This is because void process_value(double& ref_value); accepts the argument by reference. The compiler/optimizer assumes aliasing, i.e. that process_value function can change memory accessible through reference ref_value and hence that size member after the array.

The compiler assumes that because the array and size are members of one same object array_wrapper function process_value can potentially cast the reference to the first element (on the first invocation) to the reference to the object (and store it elsewhere) and cast the object to unsigned char and read or replace its entire representation. So that after the function returns the state of the object must be reloaded from memory.
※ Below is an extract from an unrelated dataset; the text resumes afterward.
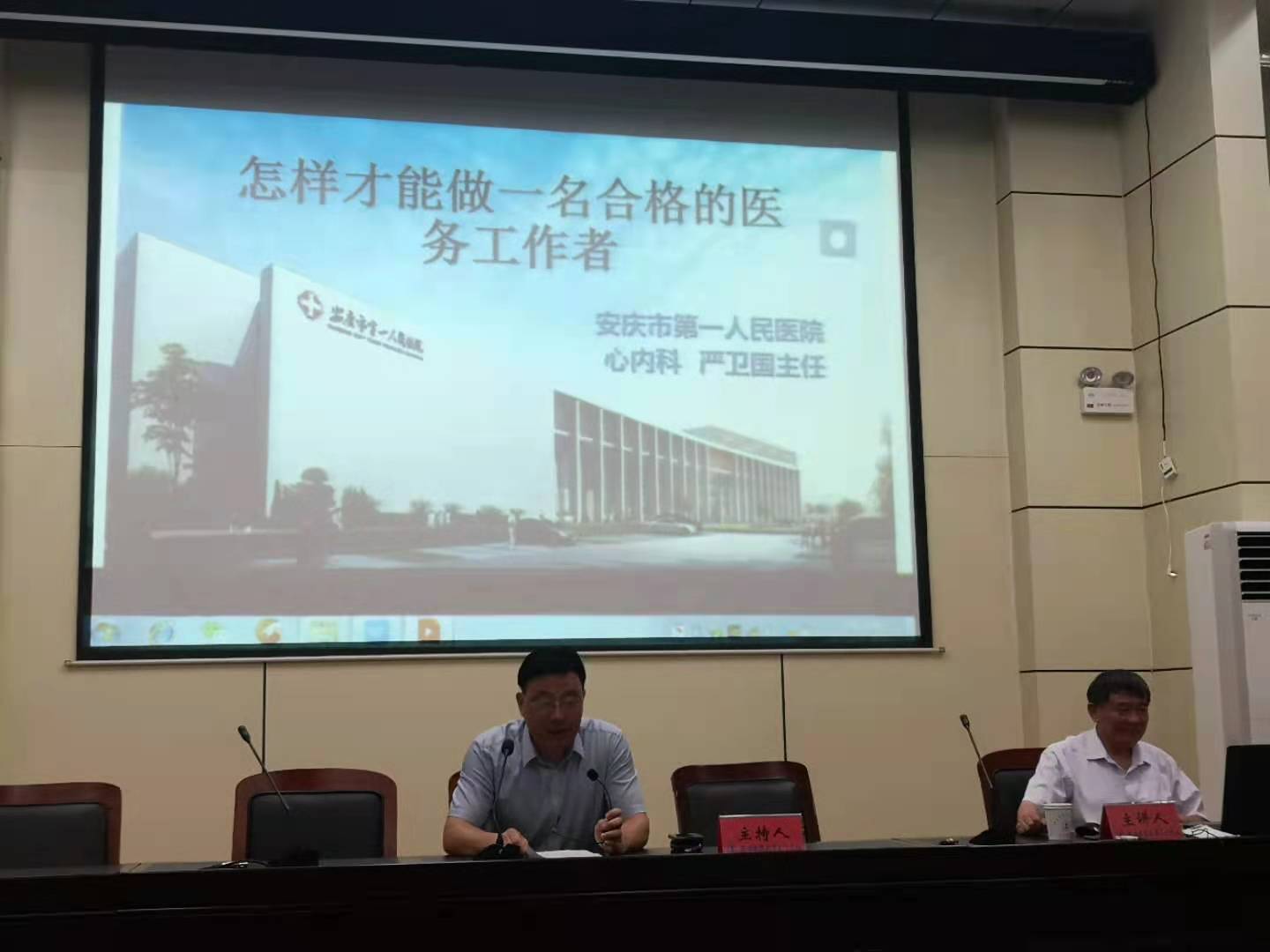 6月2日下午,我校邀請安慶市第一人民醫院心內科主任、全國衛生計生系統先進工作者嚴衛國在校學術報告廳作講座,講座主題為“怎樣才能做一名合格的醫務工作者”。講座由副校長朱慶豐主持,來自醫學系、藥學系和護理系近200名學生聆聽講座。

When size is a stand-alone object on the stack the compiler/optimizer assumes that nothing else could possibly have a reference/pointer to it and caches it in a register.

In Chandler Carruth: Optimizing the Emergent Structures of C++ he explains why the optimizers have difficulty when calling functions accepting reference/pointer arguments. Use reference/pointer function arguments only when absolutely necessary.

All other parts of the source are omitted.